FIG. 4B is a front perspective view from the top left side of the circuit breaker of FIGS. 3A and 3B, in the contact pairs OPEN or in the OFF position, in accordance with the invention.

FIG. 4C is a front view of the circuit breaker of FIGS. 3A and 3B, in the contact pairs OPEN or in the OFF position, in accordance with the invention.

DESCRIPTION OF EMBODIMENTS OF THE INVENTION

FIGS. 1A and 1B are circuit diagrams of a prior art circuit breaker that incorporates an electronics board that includes light emitting diodes (LEDs) to enable users to easily identify the trip condition and type of fault, for example an arc fault or ground fault. The circuit for the electronics board is powered from the load side, but power to the electronics board is interrupted when the breaker contacts are opened.

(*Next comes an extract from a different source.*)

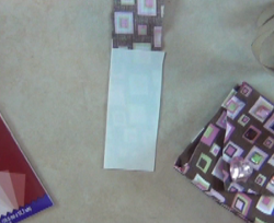 Place 2 more bits of interfacing on open tab as shown. Remove paper backing.
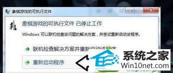 今天和大家分享一下win10系统打开象棋游戏提示“象棋游戏的可执行文件 已停止工作”问题的解决方法,在使用win10系统的过程中经常不知道如何去解决win10系统打开象棋游戏提示“象棋游戏的可执行文件 已停止工作”的问题,有什么好的办法去解决win10系统打开象棋游戏提示“象棋游戏的可执行文件 已停止工作”呢?小编教你只需要1、在弹出的错误提示框中点击“重新启动程序”; 2、保持联网状态,windows 会开始检查问题的解决方案;就可以了;下面就是我给大家分享关于win10系统打开象棋游戏提示“象棋游戏的可执行文件 已停止工作”的详细步骤::

FIGS. 2A and 2B are circuit diagrams of a prior art circuit breaker, showing a miniature circuit breaker that incorporates an electronics board that includes light emitting diodes (LEDs) powered from the line power side to ensure that the LEDs remain lit when the circuit breaker is tripped. However, an electrical shock hazard may occur if the neutral terminal of the circuit breaker is inadvertently disconnected, causing power from the line power side to flow through the circuit for the electronics board and be present on the load neutral terminal of the circuit breaker.

FIGS. 3A and 3B are circuit diagrams of a circuit breaker 100 in accordance with the invention, showing a miniature circuit breaker that incorporates an electronics board or printed circuit board assembly (PCBA) 140 powered from the line power side 106. The PCBA 140 may provide power to LEDS or power other functions, such as denial of service solenoids or internal communications hardware, such as radio transmitters and receivers. Power is provided from the line power side to the PCBA, while preventing an electrical shock hazard if the neutral terminal 108 of the circuit breaker is inadvertently disconnected. The circuit breaker includes separate contact pairs 112/122 for the line power terminal 106 to load power terminal 152 circuit path and contact pairs 110/120 for the neutral terminal 108 to load neutral terminal 150 circuit path, and both contact pairs are simultaneously opened and closed in unison. When both pairs of contacts 110/120 and 112/122 are opened, both line power circuit path 106/152 and neutral circuit path 108/150 are interrupted from connection to the load power 152 and load neutral 150 terminals, to prevent power from the line power side 106 to flow through the circuit board 140 and be present on the load neutral terminal 150 of the circuit breaker.

FIG. 4A is a front perspective view from the top left side of the circuit breaker of FIGS. 3A and 3B, with the contact pairs 110/120 and 112/122 CLOSED or in the ON position, in accordance with the invention. The circuit breaker 100 includes a housing 101 of the circuit breaker, including an operating handle 102 and an overcurrent tripping mechanism 130.

The circuit breaker 100 includes a first stationary contact 112 in the housing, connected to a line power terminal 106 of the circuit breaker.

The circuit breaker 100 includes a second stationary contact 110 in the housing, connected to a neutral terminal 108 of the circuit breaker.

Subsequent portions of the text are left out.